*** Opening The data ***
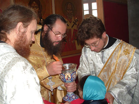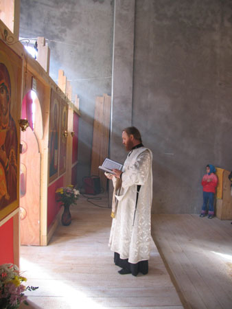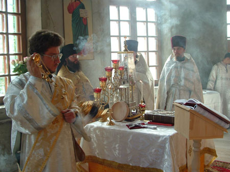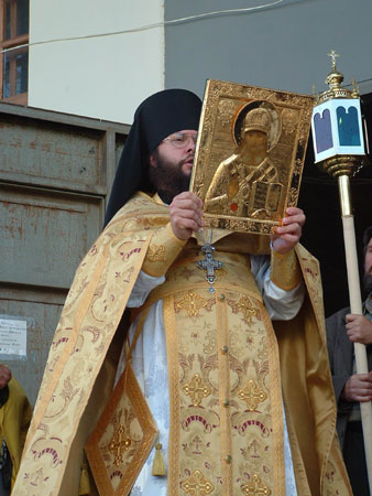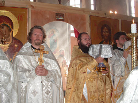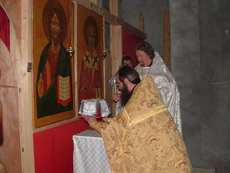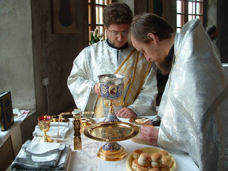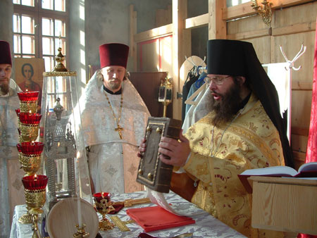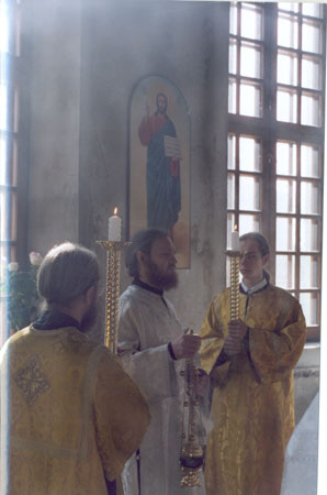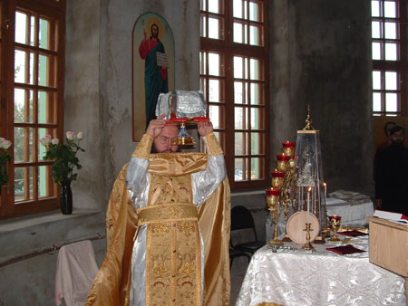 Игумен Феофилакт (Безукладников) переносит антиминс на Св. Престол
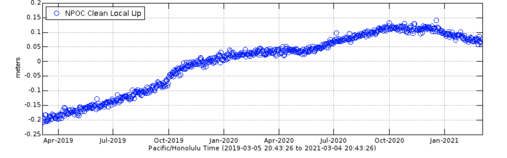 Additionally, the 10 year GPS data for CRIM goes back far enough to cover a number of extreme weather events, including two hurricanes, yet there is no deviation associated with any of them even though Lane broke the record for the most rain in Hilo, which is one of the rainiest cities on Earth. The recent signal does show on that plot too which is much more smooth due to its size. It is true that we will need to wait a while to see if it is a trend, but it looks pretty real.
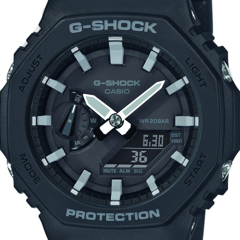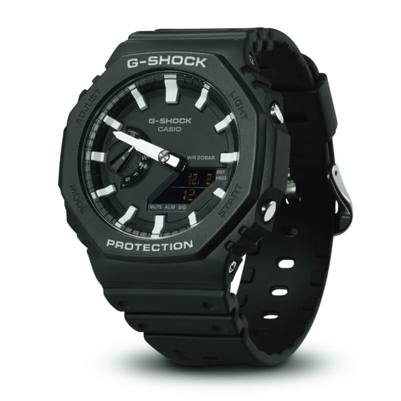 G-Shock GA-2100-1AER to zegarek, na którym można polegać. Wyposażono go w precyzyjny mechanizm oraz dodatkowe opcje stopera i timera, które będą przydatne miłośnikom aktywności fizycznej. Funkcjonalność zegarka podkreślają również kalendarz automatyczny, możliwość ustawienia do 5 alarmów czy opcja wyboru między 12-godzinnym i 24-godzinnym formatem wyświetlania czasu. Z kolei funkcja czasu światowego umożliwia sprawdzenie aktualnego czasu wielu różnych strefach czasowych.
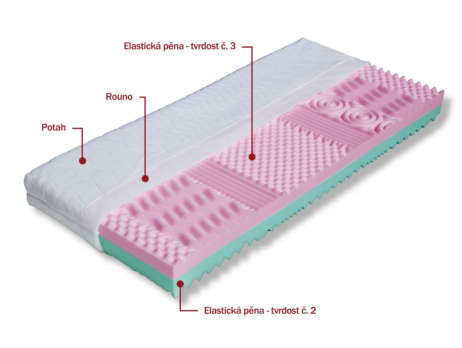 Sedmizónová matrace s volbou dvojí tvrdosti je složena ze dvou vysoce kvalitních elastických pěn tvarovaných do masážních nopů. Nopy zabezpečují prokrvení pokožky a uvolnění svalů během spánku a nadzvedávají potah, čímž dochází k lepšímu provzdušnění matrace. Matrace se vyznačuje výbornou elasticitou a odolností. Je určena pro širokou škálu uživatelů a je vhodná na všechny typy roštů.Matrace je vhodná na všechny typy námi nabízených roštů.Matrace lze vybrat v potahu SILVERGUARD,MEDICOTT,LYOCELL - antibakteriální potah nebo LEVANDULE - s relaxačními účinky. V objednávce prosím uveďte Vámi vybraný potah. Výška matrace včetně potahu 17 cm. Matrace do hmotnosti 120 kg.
*** Closing The data ***
▸ Try it: Give back exactly the lines from the opening of the listing through the line holding "Additionally, the 10", both ends included, with every picture omitted.

▸ Solution for this exercise:
 Игумен Феофилакт (Безукладников) переносит антиминс на Св. Престол
 Additionally, the 10 year GPS data for CRIM goes back far enough to cover a number of extreme weather events, including two hurricanes, yet there is no deviation associated with any of them even though Lane broke the record for the most rain in Hilo, which is one of the rainiest cities on Earth. The recent signal does show on that plot too which is much more smooth due to its size. It is true that we will need to wait a while to see if it is a trend, but it looks pretty real.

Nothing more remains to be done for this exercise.